What are the beliefs, attitudes and practices of front-line staff in long-term care (LTC) facilities related to osteoporosis awareness, management and fracture prevention?
1 Division of Rheumatology and Department of Medicine, St. Joseph's Healthcare and McMaster University, Hamilton, Ontario, Canada
2 Departments of Clinical Epidemiology and Biostatistics and Medicine, McMaster University, Hamilton, Ontario, Canada
3 St Joseph's Healthcare, Hamilton, Ontario, Canada
4 Department of kinesiology, Waterloo University, Waterloo, Ontario, Canada
5 Division of Geriatrics and Department of Medicine, Hamilton Health Science and McMaster University, Hamilton, Ontario, CIHR -Eli Lilly Chair Osteoporosis and Fracture Prevention, Canada
BMC Geriatrics 2010, 10:73 doi:10.1186/1471-2318-10-73Published: 8 October 2010
Compared to the general elderly population, those institutionalized in LTC facilities have the highest prevalence of osteoporosis and subsequently have higher incidences of vertebral and hip fractures. The goal of this study is to determine how well nurses at LTC facilities are educated to properly administer bisphosphonates. A secondary question assessed was the nurse's and PSW's attitudes and beliefs regarding the role and benefits of vitamin D for LTC patients.

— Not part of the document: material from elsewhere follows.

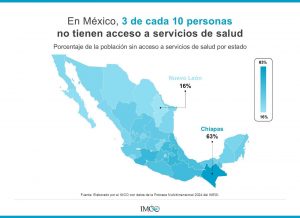 Ciudad de México.– La falta de acceso a servicios de salud en México sigue siendo un problema, en pleno 2026, 3 de cada 10 personas en el país no cuentan con atención médica, de acuerdo con datos difundidos por el IMCO (Instituto Mexicano para la Competitividad) elaborados a partir de la medición de pobreza multidimensional 2024 del INEGI.
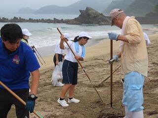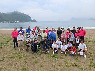 〇熊野江小・南浦中・地区合同で、熊野江海岸清掃を行いました。小雨の中での開始でしたが、徐々に天候が回復し、参加者全員で1時間程度の清掃活動でした。清掃後、生徒が「とても美しい熊野江海岸(海水浴場)に多くの方が訪れてもらいたい」と話してくれました。

Eight LTC facilities in Hamilton were surveyed, and all nurses were offered a survey. A total 57 registered nurses were surveyed. A 21 item questionnaire was developed to assess existing management practices and specific osteoporosis knowledge areas.
The questionnaire assessed the nurse's and personal support worker's (PSWs) education on how to properly administer bisphosphonates by having them select all applicable responses from a list of options. These options included administering the drug before, after or with meals, given with or separate from other medications, given with juice, given with or without water, given with the patient sitting up, or finally given with the patient supine. Only 52% of the nurses and 8.7% of PSWs administered the drug properly, where they selected the options: (given before meals, given with water, given separate from all other medications, and given in a sitting up position). If at least one incorrect option was selected, then it was scored as an inappropriate administration. Bisphosphonates were given before meals by 85% of nurses, given with water by 90%, given separately from other medication by 71%, and was administered in an upright position by 79%. Only 52% of the nurses and 8.7% of PSWs surveyed were administering the drug properly. Regarding the secondary question, of the 57 nurses surveyed, 68% strongly felt their patients should be prescribed vitamin D supplements. Of the 124 PSWs who completed the survey, 44.4% strongly felt their patients should be prescribed vitamin D supplementation.
Bisphosphonates are quite effective in increasing the bone mineral density of LTC patients, and may reduce fracture rates, but it is only effective if properly administered. In our study, proper administration of bisphosphonate therapy was less than optimal. In summary, although the education of health providers has improved since the mid-1990's, this area still requires further attention and the subject of future quality assurance research.